Comment 10 Kedar Bidarkar 2014-09-02 10:16:58 UTC
Tested with sat6-GA-snap7.

QE VERIFIED

I was able to successfully PXEboot a Centos using the above initrd.img and vmlinuz TFTP files. which tells vmlinuz/initrd files are no longer corrupted when mutiple hosts are created simultaneously.
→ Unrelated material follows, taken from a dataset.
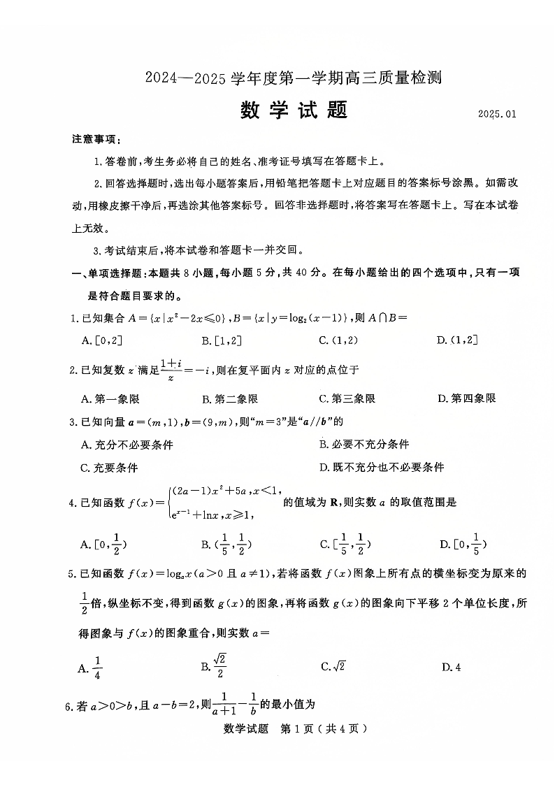 山东省济宁市2025届高三第一学期1月期末质量检测 数学.pdf

NOTE:- As the above test for multiple hosts is already performed, just making sure the TFTP files are not corrupted by PXebooting a host.



Installed Packages

    candlepin-0.9.23-1.el6_5.noarch
    candlepin-common-1.0.1-1.el6_5.noarch
    candlepin-scl-1-5.el6_4.noarch
    candlepin-scl-quartz-2.1.5-5.el6_4.noarch
    candlepin-scl-rhino-1.7R3-1.el6_4.noarch
    candlepin-scl-runtime-1-5.el6_4.noarch
    candlepin-selinux-0.9.23-1.el6_5.noarch
    candlepin-tomcat6-0.9.23-1.el6_5.noarch
    createrepo-0.9.9-21.2.pulp.el6sat.noarch
    elasticsearch-0.90.10-6.el6sat.noarch
    katello-1.5.0-30.el6sat.noarch
    katello-certs-tools-1.5.6-1.el6sat.noarch
    katello-default-ca-1.0-1.noarch
    katello-installer-0.0.64-1.el6sat.noarch
    katello-server-ca-1.0-1.noarch
    mod_wsgi-3.4-1.pulp.el6sat.x86_64
    pulp-katello-0.3-4.el6sat.noarch
    pulp-nodes-common-2.4.1-0.5.rc1.el6sat.noarch
    pulp-nodes-parent-2.4.1-0.5.rc1.el6sat.noarch
    pulp-puppet-plugins-2.4.1-0.5.rc1.el6sat.noarch
    pulp-puppet-tools-2.4.1-0.5.rc1.el6sat.noarch
    pulp-rpm-plugins-2.4.1-0.6.beta.el6sat.noarch
    pulp-selinux-2.4.1-0.5.rc1.el6sat.noarch
    pulp-server-2.4.1-0.5.rc1.el6sat.noarch
    python-gofer-qpid-1.3.0-1.el6sat.noarch
    python-isodate-0.5.0-1.pulp.el6sat.noarch
    python-kombu-3.0.15-12.pulp.el6sat.noarch
    python-pulp-bindings-2.4.1-0.5.rc1.el6sat.noarch
    python-pulp-common-2.4.1-0.5.rc1.el6sat.noarch
    python-pulp-puppet-common-2.4.1-0.5.rc1.el6sat.noarch
    python-pulp-rpm-common-2.4.1-0.6.beta.el6sat.noarch
    python-qpid-0.22-14.el6sat.noarch
    python-qpid-qmf-0.22-37.el6.x86_64
    qpid-cpp-client-0.22-42.el6.x86_64
    qpid-cpp-server-0.22-42.el6.x86_64
    qpid-cpp-server-linearstore-0.22-42.el6.x86_64
    qpid-java-client-0.22-6.el6.noarch
    qpid-java-common-0.22-6.el6.noarch
    qpid-proton-c-0.7-1.el6.x86_64
    qpid-qmf-0.22-37.el6.x86_64
    qpid-tools-0.22-12.el6.noarch
    ruby193-rubygem-katello-1.5.0-86.el6sat.noarch
    rubygem-hammer_cli_katello-0.0.4-14.el6sat.noarch
    rubygem-smart_proxy_pulp-1.0.1-1.1.el6sat.noarch

Comment 11 Bryan Kearney 2014-09-11 12:30:14 UTC
This was delivered with Satellite 6.0 which was released on 10 September 2014.